All Deluxe models were updated in 1939 to offer NACA cowling, one-piece windshield, and improved cooling.
- Rearwin Sportster 7000
Initial production variant of 1935-1936 powered by either a 70hp (52kW) LeBlond 5DE or LeBlond 5E radial engine, 75 built. A Deluxe model was offered beginning in 1936 with optional Townend ring, propeller spinner, wheel pants, navigation lights, and radio.
- Rearwin Sportster 8500
Variant with an 85hp (63kW) LeBlond 5DF introduced in 1935. The plane's gross weight decreased by 85lbs.

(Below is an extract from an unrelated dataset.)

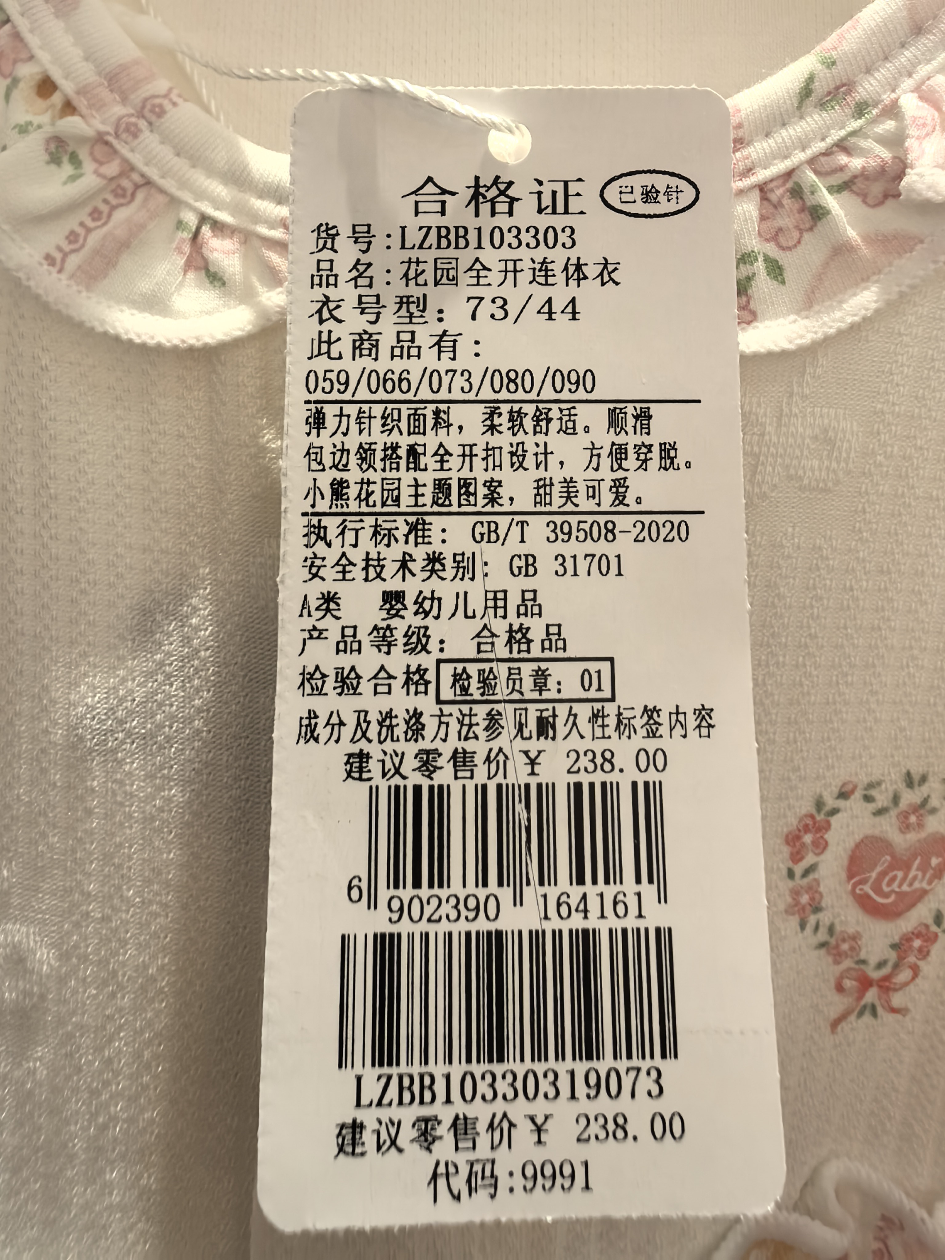 拉比童衣夏花园全开连体衣粉红j6LZBB103303

A Deluxe model was offered beginning in 1936 with optional Townend ring, propeller spinner, wheel pants, navigation lights, and radio.
- Rearwin Sportster 9000/Rearwin Sportster 9000-W
Introduced in 1937 powered by a 90hp Warner Scarab engine. A Deluxe model was offered with optional Townend ring, propeller spinner, wheel pants, navigation lights, and radio.
- Rearwin Sportster 9000-L/Rearwin Sportster 9000-KR
Introduced in 1937 powered by a 90hp LeBlond 5DF (renamed Ken-Royce 5DF after the LeBlond Aircraft Engine Corporation was sold to Rearwin Airplanes). A Deluxe model was offered with optional Townend ring, propeller spinner, wheel pants, navigation lights, and radio.
- Rearwin Sportster 9000-KRT
Sportster 9000-KR modified by Rearwin into an instrument trainer.
- Götaverken GV-38
Designation for the 14 Sportster 9000-L built by the Swedish A. B. Götaverken Shipbuilding Company between 1938 and 1943. Powered by either Warner or Ken-Royce engines, one (SE-AHG) was later fitted with a horizontally-opposed Continental O-190.
- UC-102
Designation of two Sportster 9000s impressed into military service during World War II.
- B.S.2
(บ.ส.๒) Royal Thai Armed Forces designation for the Sportster 9000-KRT.

==Operators==

===Military operators===
- HON
- Honduran Air Force Operated two Sportsters and a Ken-Royce biplane as trainers.
- NZL
- Royal New Zealand Air Force Two impressed during World War II.
- South Africa
- South African Air Force Two were impressed during World War II.
- United States
- United States Army Air Forces Two Model 9000W were impressed as UC-102 during World War II.
- Civil Air Patrol At least 8 Sportsters, with 4 in the Michigan Wing, during World War II.

===Civil operators===
- United States
- The government of Puerto Rico used one 1937 Sportster in the Insular Forest Service.
- The U.S. Department of Agriculture Bureau of Entomology and Plant Quarantine used two Sportsters with 90 hp engines for insect control.
- The United States Fish and Wildlife Service used one 1937 Sportster for surveys related to the Migratory Bird Treaty Act of 1918.

==Aircraft on display==
Numerous models of the Sportster survive in museums. Ken Rearwin purchased the prototype Sportster and donated it to the Airpower Museum in Blakesburg, Iowa.